This article describes a reliable phase-locked loop originally designed for the first conversion of a radio astronomy microwave receiver(1) applicable for general microwave receiver use and to other HF, VHF, and UHF phase-locked applications as well.(2) Its design evolved from one of my earlier efforts incorporated in a fully synthesized, general coverage HF transceiver as shown in fig. 1.

Fig. 1. Application of fixed VHF phase-locked-loops in a fully-synthesized HF transceiver. The VHF loop described here is used twice (88 MHz end 90 MHz for the BFO) in order to ensure full synthesis for the entire radio.

Local oscillators used for conventional microwave (TYRO) such receivers are usually open loop and are installed outdoors as part of the first converter, known as the "head end" and located at the feed point of a parabolic dish antenna. They normally exhibit gross frequency instability (typically ± 1.5 MHz) due to their free running characteristics, which are affected by ambient temperature changes as well.

The two types of open-loop local oscillators most commonly used for this application are the free running tuned cavity and the crystal controlled multiplier type. This article deals with the second approach, which allows an already-clean multiplier chain to lock on a much more stable reference frequency strategically located away from the elements. Consequently, the unit can be used under varying temperature conditions and will follow a remote reference source kept indoors for good stability.

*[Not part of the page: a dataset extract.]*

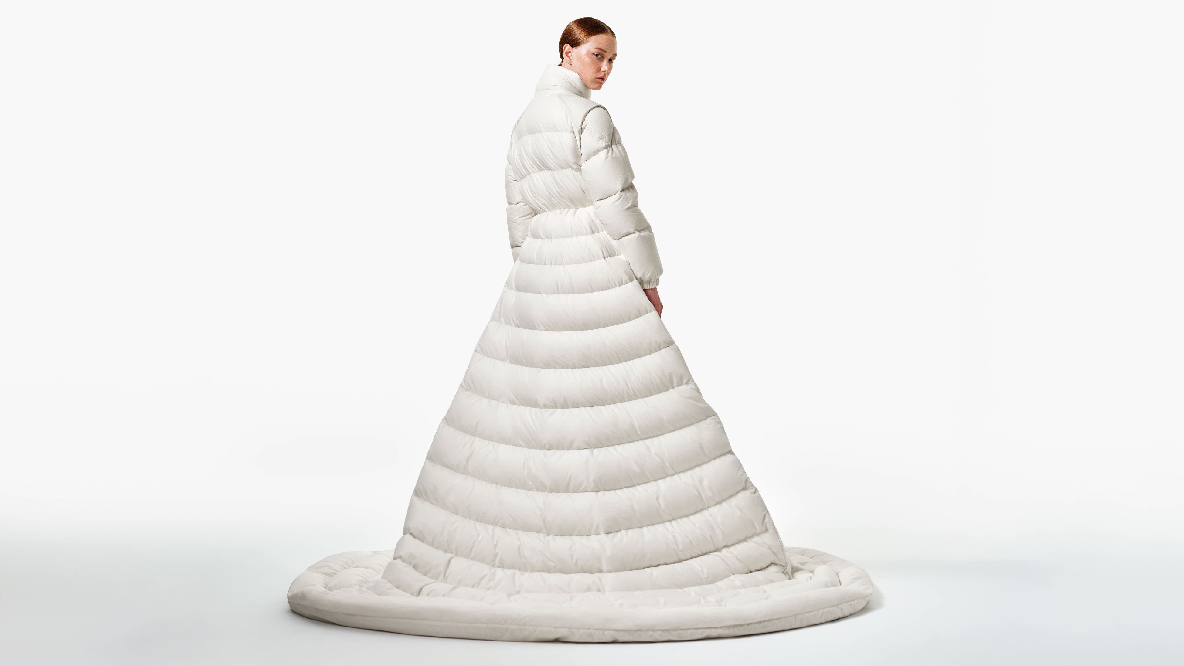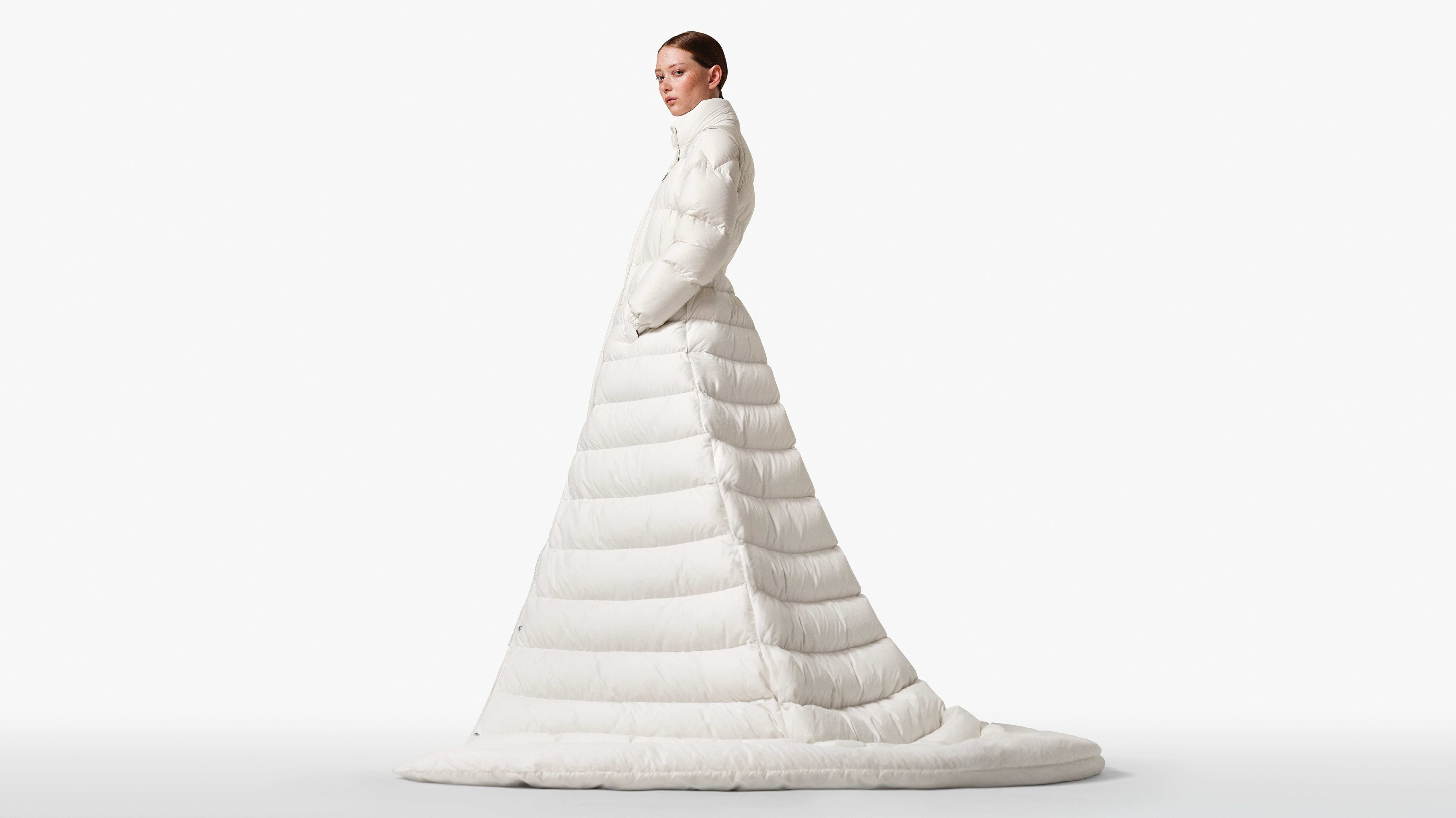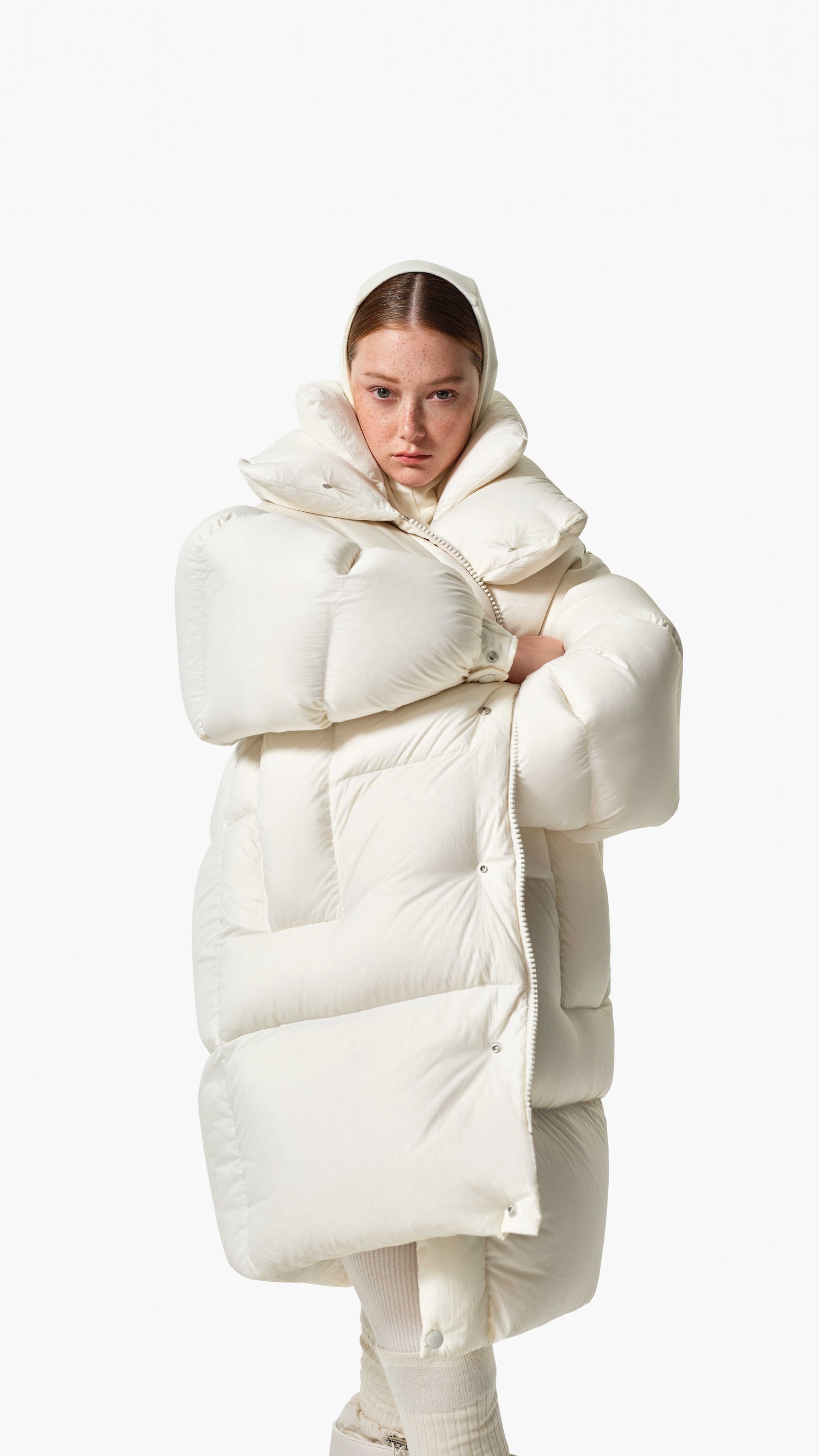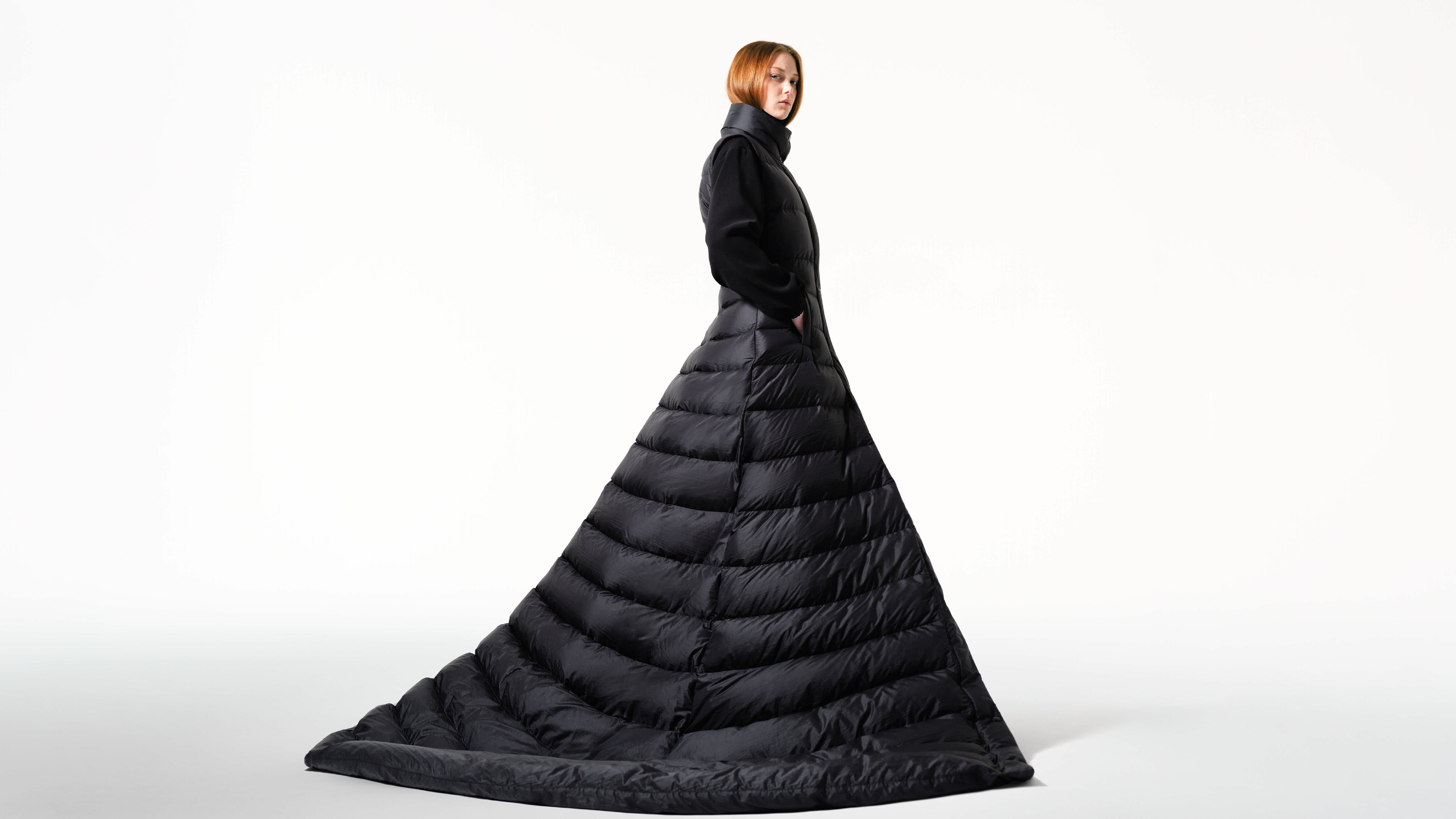 ヴェローネ オーパスは、ドラマチックなフルレングスで、実用的な冬のパファーを新たな高みへと昇華させました。ブラックとホワイトのモノクロームでデザインされたこのスタイルは、ドレスのようなグラマラスなインパクトとモンクレールのシグネチャーである機能性を融合しています。

The synthesizer uses a simple version of a type-one crystal-controlled phase-locked-loop operating at 88 MHz.(3) Its output is divided by a fixed modulus divider involving emitter-coupled-logic (ECL) and transistortransistor-logic (TTL) circuits. The division number N is fixed at 88 and followed by an exclusive OR digital phase detector that closes the loop through a simple low-pass filter as shown in fig. 2.

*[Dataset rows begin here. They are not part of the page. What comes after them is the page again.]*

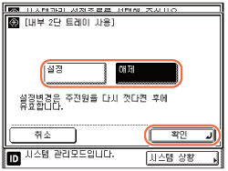]를 누르고 → [내부 2단 트레이 사용]을 누릅니다.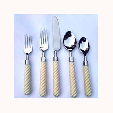Ensemble de couverts en acier inoxydable argenté avec poignée en os avec couverts au design côtelé Vaisselle de table POIGNÉE DE CONCEPTION antique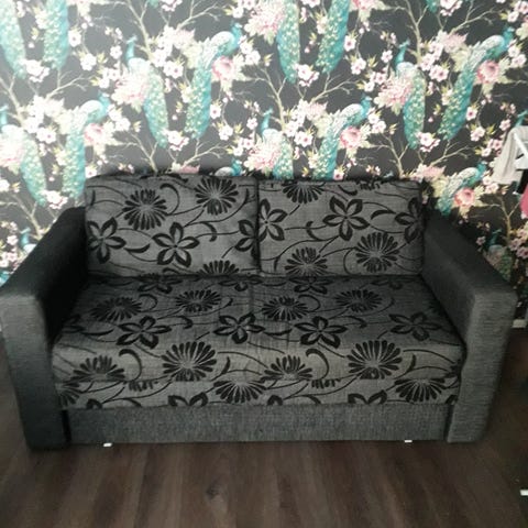 Brandss Harmaa vuodesohva, vähälle käytölle jäänyt. Painava joten omat kantajat mukaan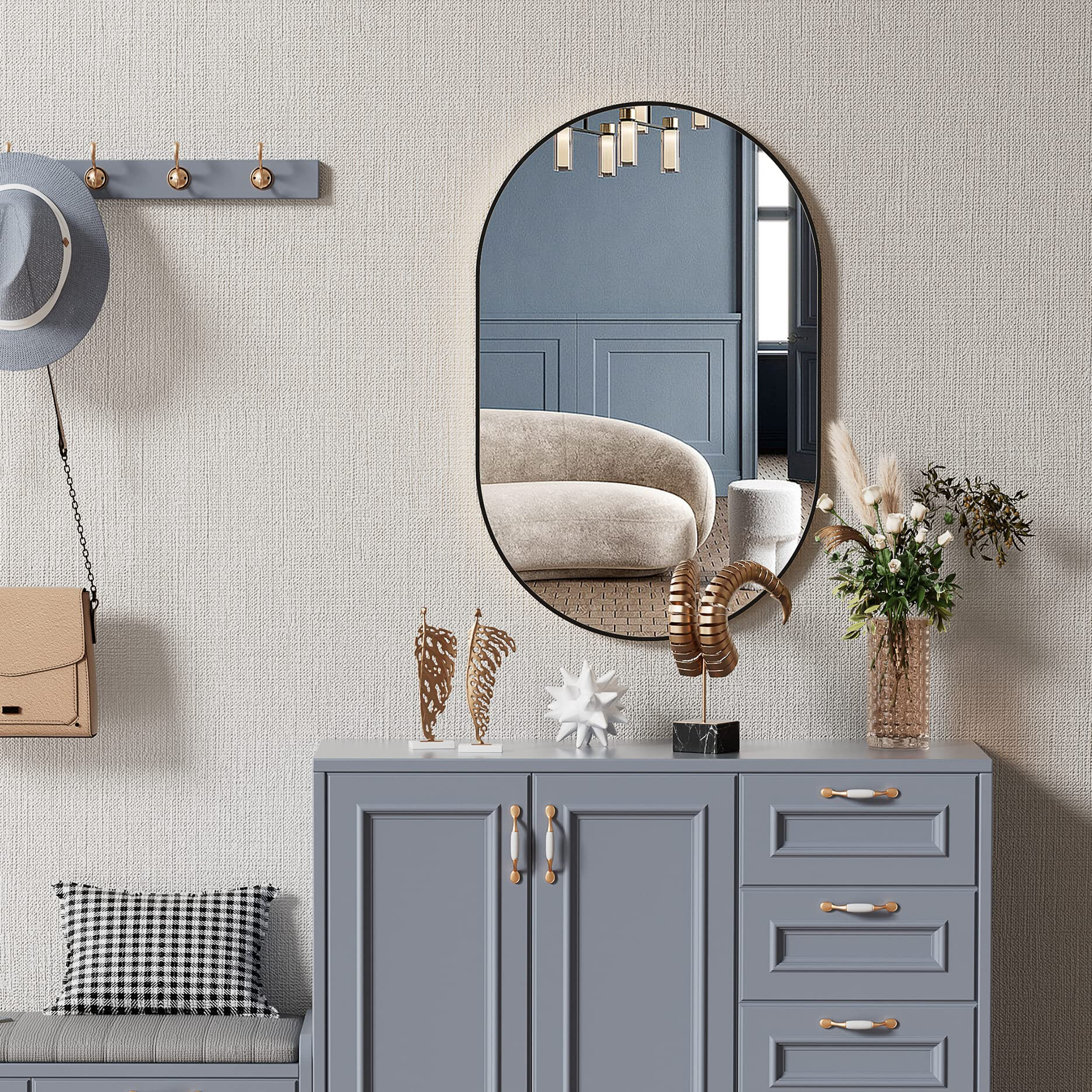 Fotografie 7 - Zrcadlo oválné 80x40cm černý rám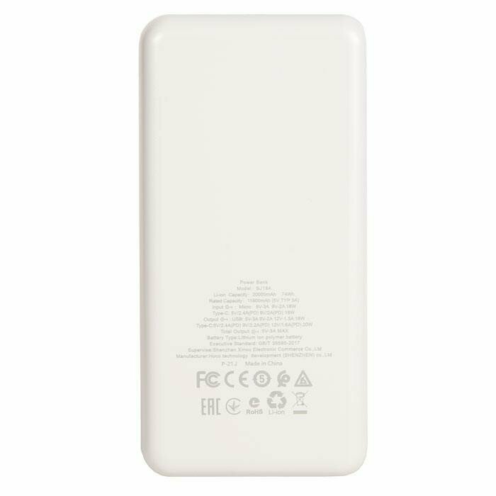 Внешний аккумулятор BOROFONE BJ19A Incredible быстрая зарядка PD20W (20000mAh), белый информация:

Fig 2. Block diagram of the phase-locked-loop as used in a stable microwave local oscillator located at the low noise block converter (LNB) outdoors. The 1 MHz reference frequency is derived from an indoor TCXO.

In order to obtain the desired microwave frequency, the output of the oscillator running at exactly 88 MHz is used to drive a times-12 multiplier such as described by Paul Shuch, N6TX.(4) Other multiplications are possible for even higher frequencies. The reference frequency can be supplied to the synthesizer from the back end of the receiver via fiber optics or coaxial cable communication links (depending on the distance; digital line drivers may be required in the latter). With this approach, a remotely located temperature-compensated crystal oscillator (TCXO) that acts as a time base will maintain the short and long term frequency stability of the 88-MHz crystal oscillator through the phase-locked technique. The stability of the multiplier chain in the microwave receiver will thereby also be favorably affected. High initial stability and spectral purity would be required to compensate for the magnifying effect of the multiplier. My circuit used a 4-MHz TCXO manufactured by McCoy Electronics for the reference oscillator. This part guarantees ± 5 x 10^-7 (±0.5 PPM or ±2 Hz at 4 MHz) Hertz per year.(2) This represents an ultimate stability for the remotely located L-band local oscillator of ± 6 Hertz, respectively.

Figures 5A and B show the "brassboard" of the synthesizer and how phase locking was maintained under freezing conditions. For convenience a lock indicator was incorporated in the design as shown in fig. 3.

Fig. 3. Circuit diagram of the phase-locked-loop. A fifth overtone series-tuned Colpitts oscillator was chosen for stability. The design results in simple and effective exclusive OR phase detectors and low-pass filter. The relatively high 1 MHz reference allows for clean and stable LOs (see text).

The circuit design of the synthesizer is simple (although making one work is another story) as shown in fig. 3. A highly stable 88-MHz (0.001 percent) fifth overtone crystal was chosen to guarantee initial startup almost on frequency before locking occurs. It is used in a series resonant Colpitts oscillator with one side of the crystal grounded. I selected the Colpitts design because of its well known circuit stability and predictability.(5) The output of the oscillator is then amplified and converted to the ECL level required by the 95H90 divide-by-11 device.(6)(8)

An ECL-to-TTL level shifter circuit follows the 95H90 and additional division is obtained with three divideby-2 sections of 74LS74 devices.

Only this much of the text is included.